-- Available data follows --

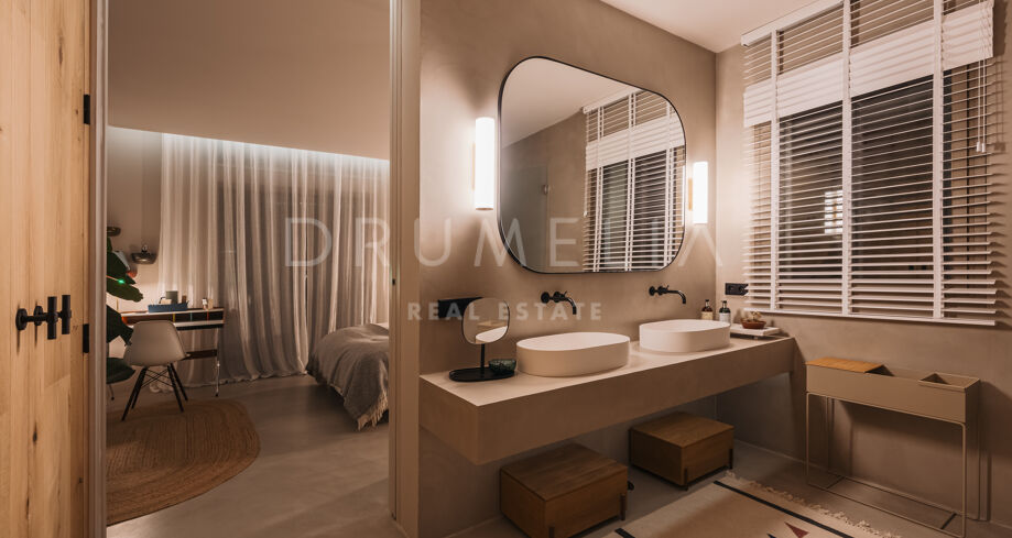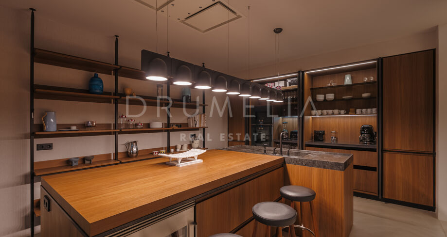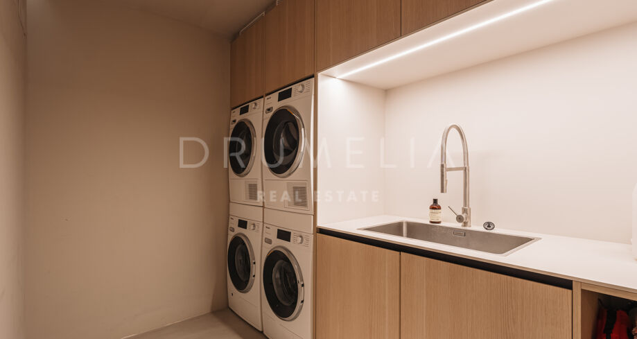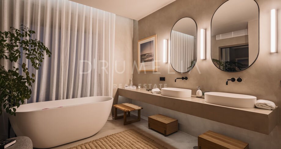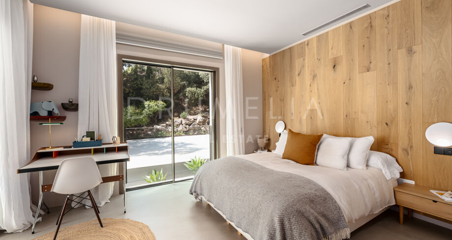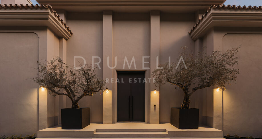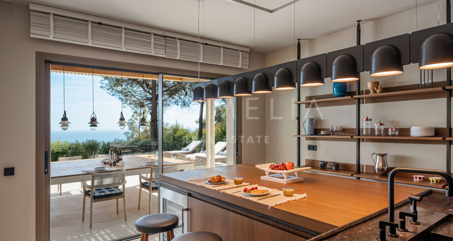 Wolnostojąca rezydencja o powierzchni 862 m², rozłożona na 3 poziomach, oferuje prestiżowe, zaprojektowane na zamówienie meble. Skierowana na południe, położona jest na dużej działce o powierzchni 4.017 m² ze wspaniałymi ogrodami krajobrazowymi i tarasami o powierzchni 120 m² z imponującymi widokami na wybrzeże i góry. Została zaprojektowana przy użyciu innowacyjnych metod, tradycyjnych i nowoczesnych materiałów wysokiej jakości, oferując inteligentny projekt zapewniający bardzo wygodne przestrzenie mieszkalne i prawdziwie wykwintny styl życia, łączący śródziemnomorskie uczucia ze skandynawskim akcentem. Do tej wspaniałej willi wchodzi się przez długi podjazd prowadzący do głównych drzwi otoczonych drzewami oliwnymi. Na parterze znajduje się wspaniały hol wejściowy, który prowadzi do eleganckiej części dziennej z jadalnią i wspaniałym salonem ze sklepionymi sufitami o podwójnej wysokości. W pełni wyposażona kuchnia Arrital z urządzeniami Gaggenau oraz jadalnią wewnątrz i na zewnątrz. Na zachodnim i wschodnim skrzydle znajdują się dwie sypialnie z łazienkami, obie z tarasami i widokiem na morze, a także toaleta dla gości. Duże zadaszone i odkryte tarasy prowadzą do basenu bez krawędzi (o długości ponad 13 m), z którego roztacza się widok na morze. Płaski subtropikalny ogród znajduje się tuż przed i wokół nieruchomości, z automatycznym systemem nawadniania i wspaniałymi widokami na wybrzeże i idylliczną okolicę.
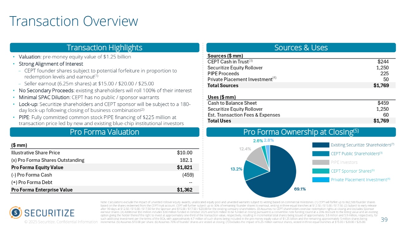 39 Transaction Overview Transaction Highlights Sources & Uses • Valuation: pre - money equity value of $1.25 billion • Strong Alignment of Interest – CEPT founder shares subject to potential forfeiture in proportion to redemption levels and earnout (1) – Seller earnout (6.25m shares) at $15.00 / $20.00 / $25.00 • No Secondary Proceeds: existing shareholders will roll 100% of their interest • Minimal SPAC Dilution: CEPT has no public / sponsor warrants • Lock - up: Securitize shareholders and CEPT sponsor will be subject to a 180 - day lock - up following closing of business combination (2) • PIPE: Fully committed common stock PIPE financing of $225 million at transaction price led by new and existing blue - chip institutional investors Pro Forma Valuation Pro Forma Ownership at Closing (5) Sources ($ mm) PIPE Proceeds Private Placement Investment $244 1,250 225 50 Total Sources $1,76G CEPT Cash in Trust (3) Securitize Equity Rollover 69.1% 13.2% 12.4% 2.6% 2.8% Existing Securitize Shareholders (7) CEPT Public Shareholders (3) PIPE Investors CEPT Sponsor Shares (6) Private Placement Investment (4) Note: Calculations exclude the impact of unvested rollover equity awards, unallocated equity pool and unvested warrants subject to vesting based on commercial milestones. (1) CEPT will forfeit up to 862,500 founder shares based on the shares redeemed from the CEPT trust account. CEPT will further subject up to 30% of remaining founder shares to earnout, vesting in three equal tranches at $12.50 / $15.00 / $17.50. (2) Subject to early release after 90 days at $12.50 / $15.00 / $17.50 for the Sponsor and $15.00 / $17.50 / $20.00 for the existing company shareholders. (3) Assumes no CEPT shareholders exercise redemption rights at closing and excludes Sponsor earnout shares. (4) Additional $50 million includes $30 million funded in October 2025 and $20 million to be funded at closing pursuant to a convertible note funding round at a 20% discount to the listing value and an existing option giving the holder thereof the right to invest at approximately one - third of the transaction value, respectively, resulting in incremental total shares being issued of approximately 3.8 million and 5.9 million, respectively, for such additional investment per the terms of the BCA, with approximately 4.7 million of such shares being included in the pre - money equity value of $1.25 billion and the remaining approximately 5 million shares being © 2025 Securitize. Confidential Information incremental. (5) Assumes $10.00 per share. (6) Assumes 70% of founder shares are vested at closing. (7) Excludes the impact of 6.25 million earnout shares, vested in three equal tranches at $15.00 / $20.00 / $25.00. (4) Uses ($ mm) Cash to Balance Sheet Securitize Equity Rollover Est. Transaction Fees & Expenses $459 1,250 60 Total Uses $1,76G $10.00 Illustrative Share Price 182.1 (x) Pro Forma Shares Outstanding $1,821 Pro Forma Equity Value (459) ( - ) Pro Forma Cash - - (+) Pro Forma Debt $1,362 Pro Forma Enterprise Value ($ mm)
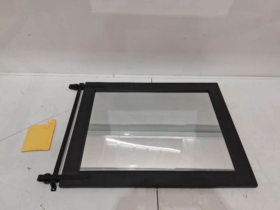 Costway Barn Door Style Wall Mount Vanity Mirror, with Wood Frame - 30" x 22" - Black (model: hz10057DK)
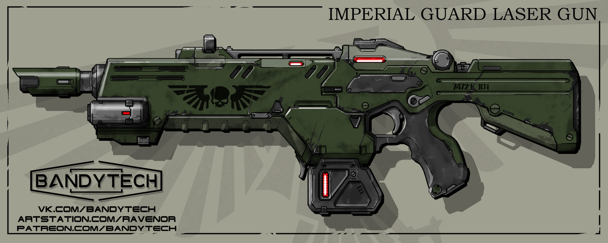 Так вот, моделей и вариаций там столько, что на отдельную лекцию хватит, но типичный лазган, как исходит из названия хуярит лазерными импульсами. Батарея меняется как магазин обычного пулевого оружия. Мощность импульса регулируемая, так что зарядов в батарее от 1 до сотни. Поражающий эффект средней мощности легко дырявит плоть насквозь, прожигает лёгкую персональную броню. К каждому лазгану полагается иметь штык, который весьма неплохо режет, но как ни крути, если приходится примыкать штыки - сдохнуть, вероятно, тоже придётся.
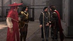 Valois requiriu a rendição de Bartolomeo e os mercenários, mas Ezio e Bartolomeo conseguiram impedir o ataque. Vendo seus inimigos por trás do portão, Valois trocou insultos com Bartolomeo, o chamando de bárbaro e pedindo que ele lhe encontre em sua fortaleza para declarar sua rendição.
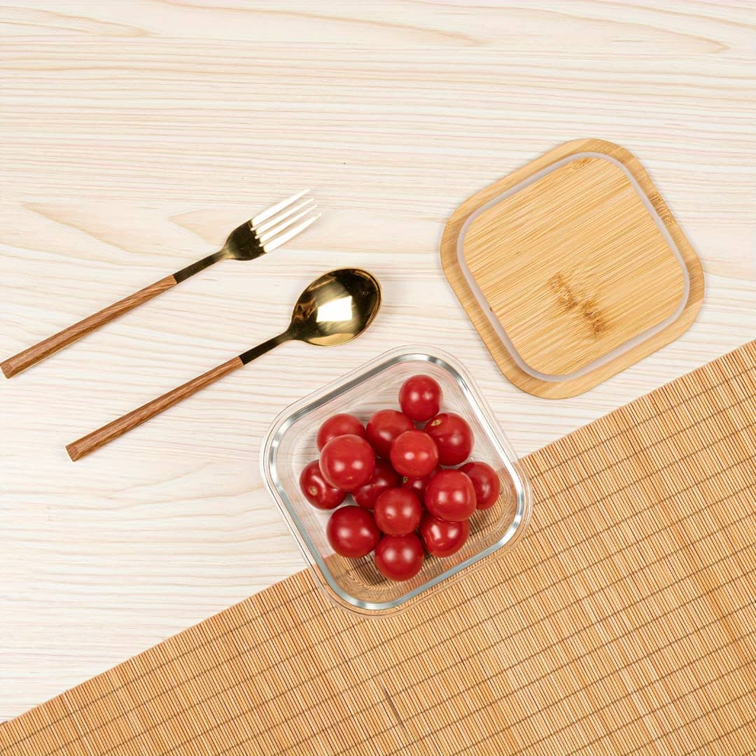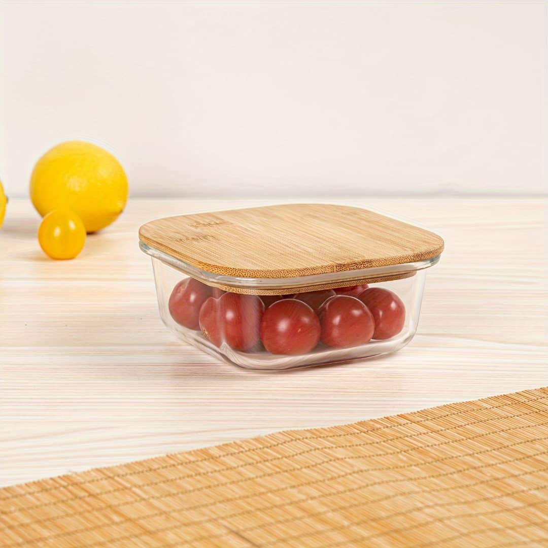 علبة حافظة طعام زجاج مربع بغطاء خشب

-- Available data concluded --

> Aim of the exercise
Every line of the material must be returned verbatim, and pictures must be left behind.

> Solution below
 Wolnostojąca rezydencja o powierzchni 862 m², rozłożona na 3 poziomach, oferuje prestiżowe, zaprojektowane na zamówienie meble. Skierowana na południe, położona jest na dużej działce o powierzchni 4.017 m² ze wspaniałymi ogrodami krajobrazowymi i tarasami o powierzchni 120 m² z imponującymi widokami na wybrzeże i góry. Została zaprojektowana przy użyciu innowacyjnych metod, tradycyjnych i nowoczesnych materiałów wysokiej jakości, oferując inteligentny projekt zapewniający bardzo wygodne przestrzenie mieszkalne i prawdziwie wykwintny styl życia, łączący śródziemnomorskie uczucia ze skandynawskim akcentem. Do tej wspaniałej willi wchodzi się przez długi podjazd prowadzący do głównych drzwi otoczonych drzewami oliwnymi. Na parterze znajduje się wspaniały hol wejściowy, który prowadzi do eleganckiej części dziennej z jadalnią i wspaniałym salonem ze sklepionymi sufitami o podwójnej wysokości. W pełni wyposażona kuchnia Arrital z urządzeniami Gaggenau oraz jadalnią wewnątrz i na zewnątrz. Na zachodnim i wschodnim skrzydle znajdują się dwie sypialnie z łazienkami, obie z tarasami i widokiem na morze, a także toaleta dla gości. Duże zadaszone i odkryte tarasy prowadzą do basenu bez krawędzi (o długości ponad 13 m), z którego roztacza się widok na morze. Płaski subtropikalny ogród znajduje się tuż przed i wokół nieruchomości, z automatycznym systemem nawadniania i wspaniałymi widokami na wybrzeże i idylliczną okolicę.
 39 Transaction Overview Transaction Highlights Sources & Uses • Valuation: pre - money equity value of $1.25 billion • Strong Alignment of Interest – CEPT founder shares subject to potential forfeiture in proportion to redemption levels and earnout (1) – Seller earnout (6.25m shares) at $15.00 / $20.00 / $25.00 • No Secondary Proceeds: existing shareholders will roll 100% of their interest • Minimal SPAC Dilution: CEPT has no public / sponsor warrants • Lock - up: Securitize shareholders and CEPT sponsor will be subject to a 180 - day lock - up following closing of business combination (2) • PIPE: Fully committed common stock PIPE financing of $225 million at transaction price led by new and existing blue - chip institutional investors Pro Forma Valuation Pro Forma Ownership at Closing (5) Sources ($ mm) PIPE Proceeds Private Placement Investment $244 1,250 225 50 Total Sources $1,76G CEPT Cash in Trust (3) Securitize Equity Rollover 69.1% 13.2% 12.4% 2.6% 2.8% Existing Securitize Shareholders (7) CEPT Public Shareholders (3) PIPE Investors CEPT Sponsor Shares (6) Private Placement Investment (4) Note: Calculations exclude the impact of unvested rollover equity awards, unallocated equity pool and unvested warrants subject to vesting based on commercial milestones. (1) CEPT will forfeit up to 862,500 founder shares based on the shares redeemed from the CEPT trust account. CEPT will further subject up to 30% of remaining founder shares to earnout, vesting in three equal tranches at $12.50 / $15.00 / $17.50. (2) Subject to early release after 90 days at $12.50 / $15.00 / $17.50 for the Sponsor and $15.00 / $17.50 / $20.00 for the existing company shareholders. (3) Assumes no CEPT shareholders exercise redemption rights at closing and excludes Sponsor earnout shares. (4) Additional $50 million includes $30 million funded in October 2025 and $20 million to be funded at closing pursuant to a convertible note funding round at a 20% discount to the listing value and an existing option giving the holder thereof the right to invest at approximately one - third of the transaction value, respectively, resulting in incremental total shares being issued of approximately 3.8 million and 5.9 million, respectively, for such additional investment per the terms of the BCA, with approximately 4.7 million of such shares being included in the pre - money equity value of $1.25 billion and the remaining approximately 5 million shares being © 2025 Securitize. Confidential Information incremental. (5) Assumes $10.00 per share. (6) Assumes 70% of founder shares are vested at closing. (7) Excludes the impact of 6.25 million earnout shares, vested in three equal tranches at $15.00 / $20.00 / $25.00. (4) Uses ($ mm) Cash to Balance Sheet Securitize Equity Rollover Est. Transaction Fees & Expenses $459 1,250 60 Total Uses $1,76G $10.00 Illustrative Share Price 182.1 (x) Pro Forma Shares Outstanding $1,821 Pro Forma Equity Value (459) ( - ) Pro Forma Cash - - (+) Pro Forma Debt $1,362 Pro Forma Enterprise Value ($ mm)
 Costway Barn Door Style Wall Mount Vanity Mirror, with Wood Frame - 30" x 22" - Black (model: hz10057DK)
 Так вот, моделей и вариаций там столько, что на отдельную лекцию хватит, но типичный лазган, как исходит из названия хуярит лазерными импульсами. Батарея меняется как магазин обычного пулевого оружия. Мощность импульса регулируемая, так что зарядов в батарее от 1 до сотни. Поражающий эффект средней мощности легко дырявит плоть насквозь, прожигает лёгкую персональную броню. К каждому лазгану полагается иметь штык, который весьма неплохо режет, но как ни крути, если приходится примыкать штыки - сдохнуть, вероятно, тоже придётся.
 Valois requiriu a rendição de Bartolomeo e os mercenários, mas Ezio e Bartolomeo conseguiram impedir o ataque. Vendo seus inimigos por trás do portão, Valois trocou insultos com Bartolomeo, o chamando de bárbaro e pedindo que ele lhe encontre em sua fortaleza para declarar sua rendição.
 علبة حافظة طعام زجاج مربع بغطاء خشب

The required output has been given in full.